__Information__.

■ ■ ■

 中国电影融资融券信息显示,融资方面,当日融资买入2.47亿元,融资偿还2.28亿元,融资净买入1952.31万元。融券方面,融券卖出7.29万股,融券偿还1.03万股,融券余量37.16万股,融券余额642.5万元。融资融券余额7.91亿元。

■ ■ ■

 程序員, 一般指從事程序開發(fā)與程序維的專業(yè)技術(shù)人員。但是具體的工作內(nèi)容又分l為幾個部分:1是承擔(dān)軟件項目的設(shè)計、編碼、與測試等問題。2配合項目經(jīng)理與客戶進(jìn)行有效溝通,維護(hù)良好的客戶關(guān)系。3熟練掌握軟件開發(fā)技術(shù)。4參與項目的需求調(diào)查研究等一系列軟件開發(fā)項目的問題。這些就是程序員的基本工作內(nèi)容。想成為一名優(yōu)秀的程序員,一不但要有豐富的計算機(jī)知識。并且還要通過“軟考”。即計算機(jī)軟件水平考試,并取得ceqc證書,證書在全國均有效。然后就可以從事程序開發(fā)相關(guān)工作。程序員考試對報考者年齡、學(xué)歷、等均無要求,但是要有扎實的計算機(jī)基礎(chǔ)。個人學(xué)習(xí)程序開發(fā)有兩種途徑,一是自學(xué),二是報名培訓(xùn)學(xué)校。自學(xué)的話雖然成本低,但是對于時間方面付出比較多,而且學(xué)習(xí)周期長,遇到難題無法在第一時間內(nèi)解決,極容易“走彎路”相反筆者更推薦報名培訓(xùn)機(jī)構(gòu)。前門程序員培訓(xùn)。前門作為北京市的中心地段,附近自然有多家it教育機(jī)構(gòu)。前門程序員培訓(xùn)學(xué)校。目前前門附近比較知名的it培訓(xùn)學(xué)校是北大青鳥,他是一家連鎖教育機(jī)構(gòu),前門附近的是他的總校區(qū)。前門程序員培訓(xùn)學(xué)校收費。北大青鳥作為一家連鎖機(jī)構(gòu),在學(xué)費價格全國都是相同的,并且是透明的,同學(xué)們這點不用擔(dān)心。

■ ■ ■

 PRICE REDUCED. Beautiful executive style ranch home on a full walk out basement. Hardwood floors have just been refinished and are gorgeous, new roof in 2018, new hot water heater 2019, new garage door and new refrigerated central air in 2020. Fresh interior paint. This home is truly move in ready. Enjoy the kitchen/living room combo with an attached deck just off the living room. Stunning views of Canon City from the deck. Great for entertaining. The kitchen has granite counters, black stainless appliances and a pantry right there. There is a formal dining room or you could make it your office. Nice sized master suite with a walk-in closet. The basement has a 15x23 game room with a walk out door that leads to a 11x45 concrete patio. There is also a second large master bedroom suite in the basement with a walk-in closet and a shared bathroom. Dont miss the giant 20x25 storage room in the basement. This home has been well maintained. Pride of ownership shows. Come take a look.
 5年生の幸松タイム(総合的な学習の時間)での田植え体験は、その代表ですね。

■ ■ ■

Write out, from the lines above, only those from the line with "PRICE REDUCED. Beautiful" to the line with "5年生の幸松タイム(総合的な学習の時間)での田植え体験は、その代表ですね。", exactly as given, including the first and the last.

 PRICE REDUCED. Beautiful executive style ranch home on a full walk out basement. Hardwood floors have just been refinished and are gorgeous, new roof in 2018, new hot water heater 2019, new garage door and new refrigerated central air in 2020. Fresh interior paint. This home is truly move in ready. Enjoy the kitchen/living room combo with an attached deck just off the living room. Stunning views of Canon City from the deck. Great for entertaining. The kitchen has granite counters, black stainless appliances and a pantry right there. There is a formal dining room or you could make it your office. Nice sized master suite with a walk-in closet. The basement has a 15x23 game room with a walk out door that leads to a 11x45 concrete patio. There is also a second large master bedroom suite in the basement with a walk-in closet and a shared bathroom. Dont miss the giant 20x25 storage room in the basement. This home has been well maintained. Pride of ownership shows. Come take a look.
 5年生の幸松タイム(総合的な学習の時間)での田植え体験は、その代表ですね。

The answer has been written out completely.